John and the two “extras” offered their shares to the spoiled beauty, but Judy was adamant.

“Those sandwiches with olives and mayonnaise are very rich for any one with a liver,” said Judy later on as Miss Hunt was preparing to help herself plentifully to the delectable food; “these plain bread-and-butter ones would be much more wholesome for you, my dear. What, cheese cakes for any one who is too ill to sit up straight! Goodness gracious, Miss Hunt, do be careful! Your demise would grieve so many it is really selfish of you not to take better care of yourself.”

“You seem to be very much concerned about my health, Miss Kean. I wonder that you knew I did not feel well; you seemed to be fully occupied on the journey with Mr. Kent Brown,” snapped Miss Hunt.

“So I was,” answered Judy, nothing daunted. “But whenever Kent had to turn his attentions to the four horses when we came to rough spots in the road and he was trying not to jolt the ambulance too much, then I could turn around and get a good bird’s-eye view of the passengers, and you always seemed to be on the point of fainting.”

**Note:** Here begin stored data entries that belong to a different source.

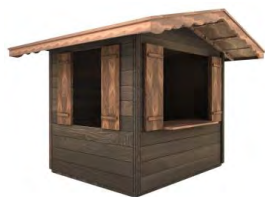
ALMHÜTTE RUSTIKAL 2,4 x 2 m Giebeldach
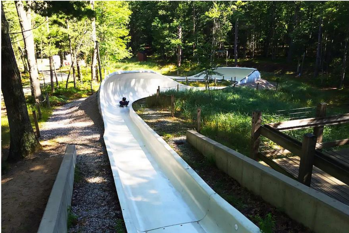
Widok ogólny na 1 i 2 wiraż

Nieckę należy wykonać z powtarzalnych segmentów z tworzywa sztucznego kompozytowego odpowiednio wyprofilowanych umożliwiających bezpieczny zjazd rekreacyjny, jak i wyczynowy.
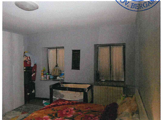
Foto 16 - camera Sud
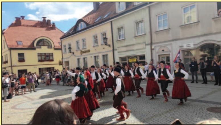
Запажен наступ првог ансамбла на Међународном фестивалу Европе у Пољској

- Ову богату сезону започели смо још у мају, када је наша хорска секција учествовала на Фестивалу хорова у Бијељини и тамо освојила бронзану медаљу. Јун смо провели на домаћем терену и имали смо гостовања у Београду, Крушевцу, Врњачкој Бањи, Владичином Хану. Организовали смо и нашу познату манифестацију „Лето код Абрашевића“. Имали смо гостовања у Турској и тамо су се представили чланови рекреативне секције, као и чланови секције ветерана. Они су такође донели две награде са великог фестивала из Турске. Први ансамбл је гостовао на највећем фестивалу Европе који је одржан
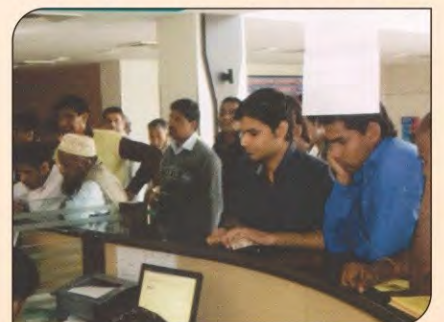
जीबीएच में निशुल्क जांच शिविर में लगी कतार।
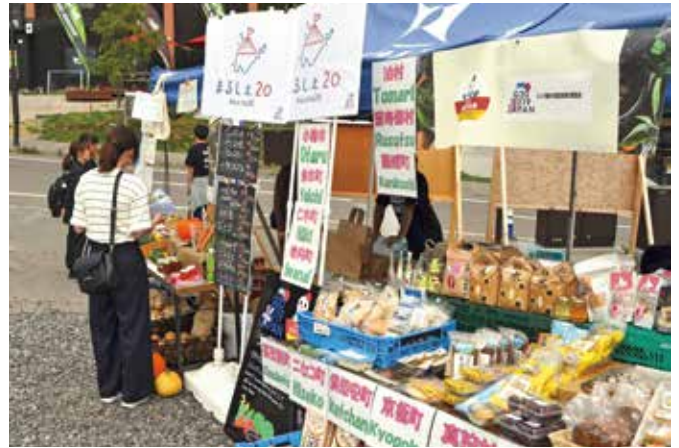
特産品、生鮮野菜の販売
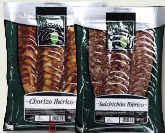
Llonganissa o xoriço ibèric AZUAGA 100 Gr

“I know you are better now,” said Molly, who could not bear for even Miss Hunt, who was certainly not her style of girl, to be teased. “I know these apple turnovers won’t hurt you, and Aunt Mary makes such good ones. Do have one, and here is some more cream if you want it in your coffee.”

“What a sweet girl your sister is,” said Miss Hunt in an audible whisper. “I can’t see what she finds in that Miss Kean to want her to make her such an interminable visit.”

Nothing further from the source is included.